The issue, therefore, is not whether there is or should be any censorship of expression by universities. We already know the answer to that question: There is, and there should be in those kinds of extreme cases. I know of no responsible person or organization that would defend the right of a teacher to use the “N” word in calling on or routinely discussing African-American students. The remaining question is whether it is better to leave the decision as to which words in which contexts are prohibited to the after-the-fact discretion of an administrator, or to decide in advance on a list or category of prohibited expressions. In other words, is it more protective of freedom of expression to have a “censorship common law” to be applied on an ad hoc basis by a dean, or to have a “censorship code” debated and agreed upon in advance by the equivalent of the legislative branch of the university—a student or faculty senate or some other representative body.
I favor a narrow code over a potentially broad common law, because it provides advanced fair warning and an opportunity to challenge its provisions before they are enforced. (That’s why I also favor a narrow code criminalizing the publication of only the most dangerous state secrets.)
T
his controversial view regarding speech is paralleled, in some respect, by my equally controversial view regarding “torture warrants.” I am opposed to both censorship and torture, but I realize that both will be employed in extreme cases (in response to the use of the “N” word in the speech context, or in response to ticking-bomb terrorism with regard to torture). I prefer explicit and narrow limitations, with advance notice, visibility in both contexts, because they promote clarity and democratic accountability.33
Several years ago, there was an ugly racial incident at Harvard Law School that led to a campaign by some student groups for censorship of offensive speech. The dean appointed a committee to recommend an approach to this delicate problem. He put me on it because of my support for freedom of speech. My fellow committee members were surprised therefore when I proposed that we try to draft a speech code.
“I thought you were against censorship,” one of the libertarian student members said in frustration.
“I am,” I replied. “That’s why I want a code. I don’t trust the dean—or anyone else—to decide which speech should be prohibited.”
“No speech should be prohibited,” the student replied.
I then gave my examples of the professor and the “N” word.
“That’s different,” the student insisted.
“Then let’s try to codify exactly what else may be ‘different,’ ” I responded.

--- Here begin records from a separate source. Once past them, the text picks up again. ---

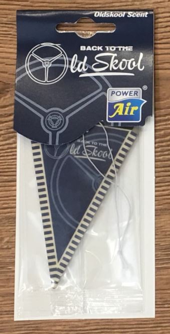 Verpackter Scandi Lufterfrischer 'Back to Old Skool' in Blau, dreieckig mit Lenkrad-Design und Streifen.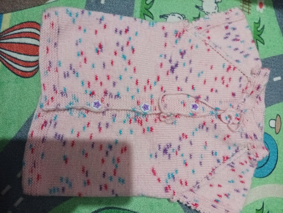Uzun kollu, pastel pembe renkte, nakışlı ve fitted kesime sahip kız hırkası. Bohem tarzını yansıtır.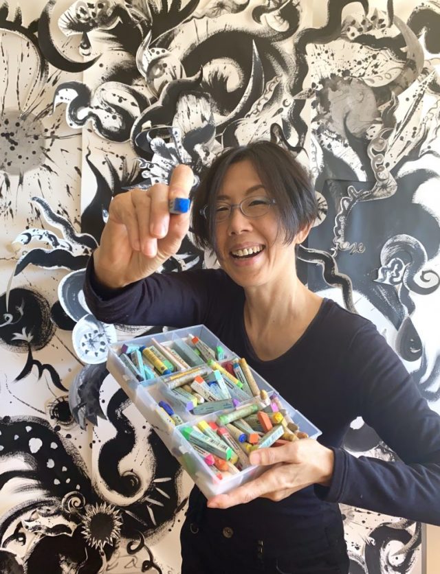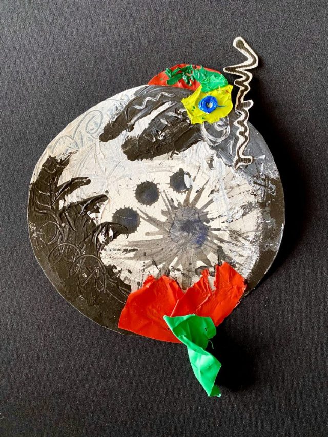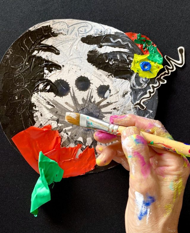 黒白でペイント。「なんかアクセントがほしいなぁ」と、辺りを見回したら「乾いた絵の具のハシキレ」を発見!(笑)いきなり白羽の矢。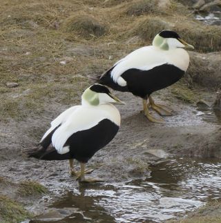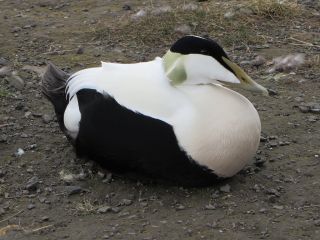 The Common Eider Somateria mollissima is a beautiful bird of the northern temperate and Arctic regions and close relatives have occasionally appeared in northern Japan in winter.

The committee spent more than a year trying to design a code of prohibited expressions. But we could not agree. The “N” word itself could not be prohibited because a black professor had written a brilliant book entitled Nigger: The Strange Career of a Troublesome Word.34 We tried to define the circumstances under which the “N” word could and could not be used. One person suggested that the “N” word could be used by blacks but not whites. Another suggested it could be used in a book but not in oral discussion. A third said it could be used as part of an academic discussion, but not directed at a particular individual. We couldn’t agree on this or other disputed expressions, such as opinions regarding negative characteristics associated with particular groups.